May 12, 2022
3 mins read
On our last Smoke-N-Know, we were joined by a guest that began his journey of addiction with FDA approved medications. And before you say, "Ah, most start that way," imagine your start of opioid use being the age of 5 years old?
That was the case for Joey K. Our 2nd guest was unable to make the LIVE, duty called. When you are responsible for plants, you cannot control when harvest comes LOL. Hopefully, Geoff will make a LIVE in the future. But Joey's story is one that just may spark thoughts of a different nature.
We see footage shot all the time about how bad cities are, but people forget, someone had to let it get that bad. It did not just happen.
It is quite amazing to me that the FDA can approve drugs like fentanyl after it being created only 63 years ago, but when it comes to CBD/THC, there simply isn't enough data on its long-term effects to fully approve it for medical use.

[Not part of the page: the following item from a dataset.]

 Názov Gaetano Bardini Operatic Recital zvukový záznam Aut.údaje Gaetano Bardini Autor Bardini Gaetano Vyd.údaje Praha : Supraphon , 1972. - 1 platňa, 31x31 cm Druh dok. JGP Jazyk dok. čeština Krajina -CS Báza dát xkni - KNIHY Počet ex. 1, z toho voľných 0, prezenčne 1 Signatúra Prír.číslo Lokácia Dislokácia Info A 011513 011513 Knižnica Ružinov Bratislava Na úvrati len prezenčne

They say they cannot collect enough data on CBD/THC because people do not readily report adverse events. My only question is, what if there are no adverse events to report from using CBD/THC? I mean an adverse event is considered life-threathening or deminishing. Only some food for thought.

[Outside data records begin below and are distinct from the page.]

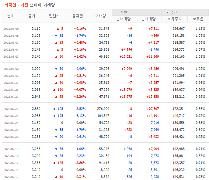 물론 가장 좋은 것은 외국인과 기관 모두 매수하는 쌍끌이 종목을 집중적으로 투자하는 것입니다. 양대 매수주체가 같이 매수한다는 뜻은 투자하기 좋다는 뜻입니다. 해당 종목의 주가 전망을 알아보기 위해서는 먼저 기업체를 분석하고 시장에서 흐름을 분석해야 합니다. 거기에 기관과 외국인 매수 추세까지 알아본다면 성공 확률을 올리는 것이 가능합니다.
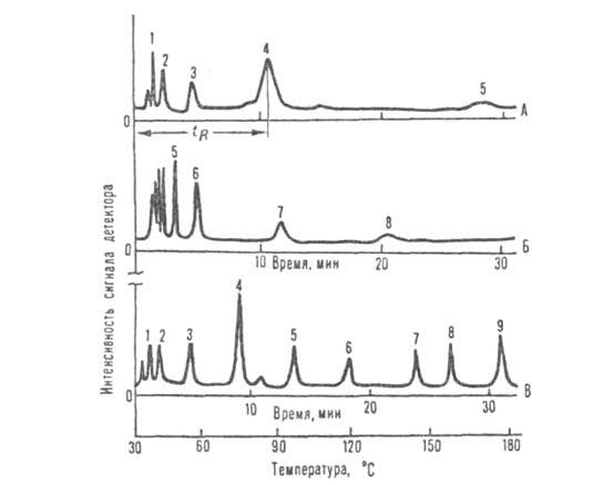 Хроматограммы, полученные при разделении смеси соединений с разл. т-рами кипения: А и Б-изотермич. разделение при 45 и 120°С соотв.; В-разделение при программировании т-ры (скорость повышения т-ры 4,7°С/мин); 1 -пропан; 2-бутан; 3-пентан; 4-гексан; 5-гептан; 6-октан; 7-бромоформ; 8-м-хлортолуол; 9 - броммезити лен.
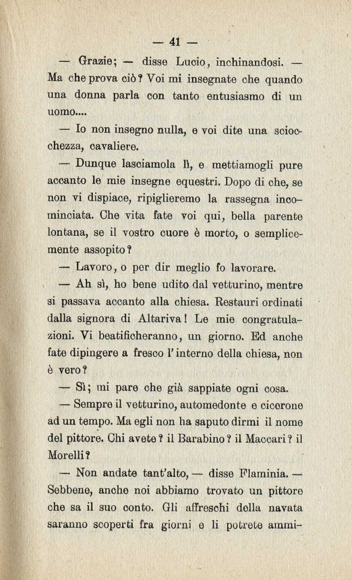 — Non andate tant'alto| — disse Flaminia. — Sebbene| anche noi abbiamo trovato un pittore che sa il suo conto. Gli affreschi della navata saranno scoperti fra giorni e li potrete ammi-
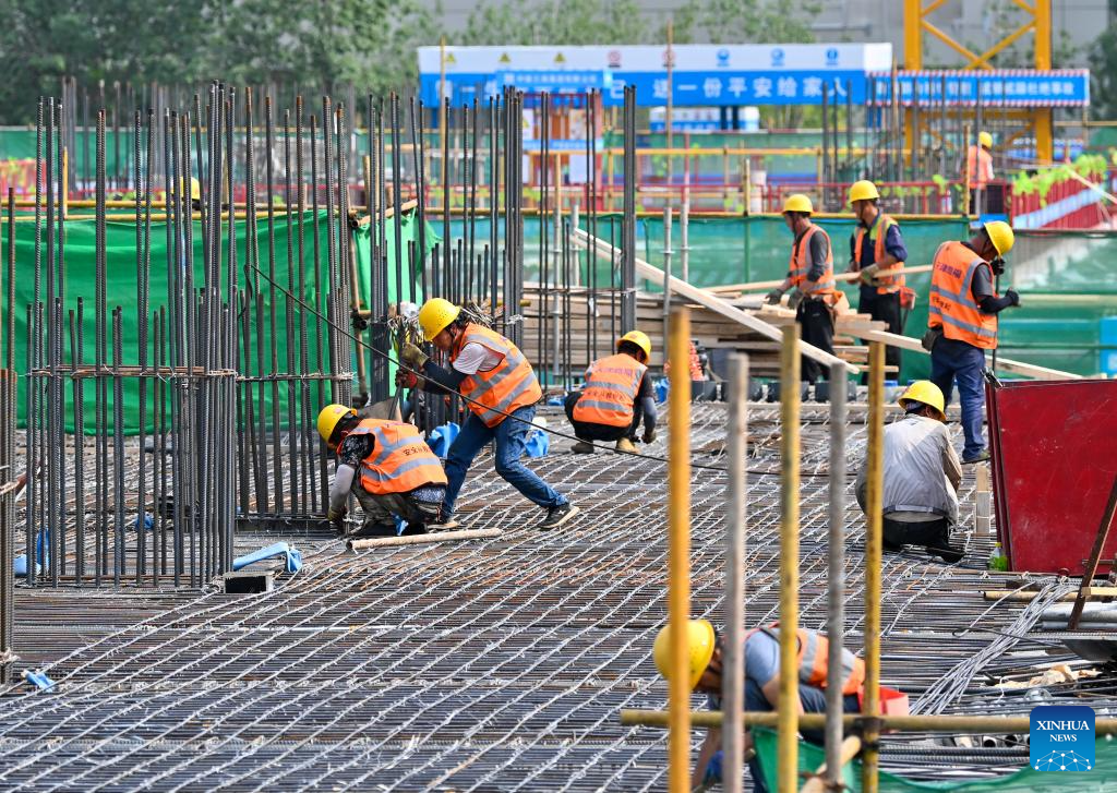 Constructores trabajan en la obra de construcción de un proyecto de renovación urbana en el distrito comercial de la calle Nanmenwai, en Tianjin, norte de China, el 29 de mayo de 2025. (Xinhua/Sun Fanyue.)

If you missed the LIVE or you simply would like to share the episode with someone struggling with addiction, you came to the right place.
LINKS OF INTEREST:
The Creator of Fentanyl: (Creation was in 1959)

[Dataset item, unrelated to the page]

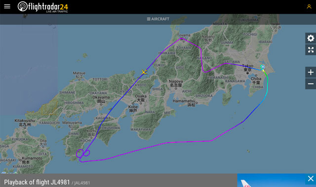 JAL星空フライトの飛行ルート(flightradar24.comから)

Who Bought Janssen in 1961?
I hope you will join us next week as we continue with The FDA & You Part 3 High blood pressure and Heart Disease; Are the meds speeding up death or healing?
If you aren't apart of our Facebook group, I encourage you to pop-in sometime and when you do, make sure to click the follow button so that you never miss a post.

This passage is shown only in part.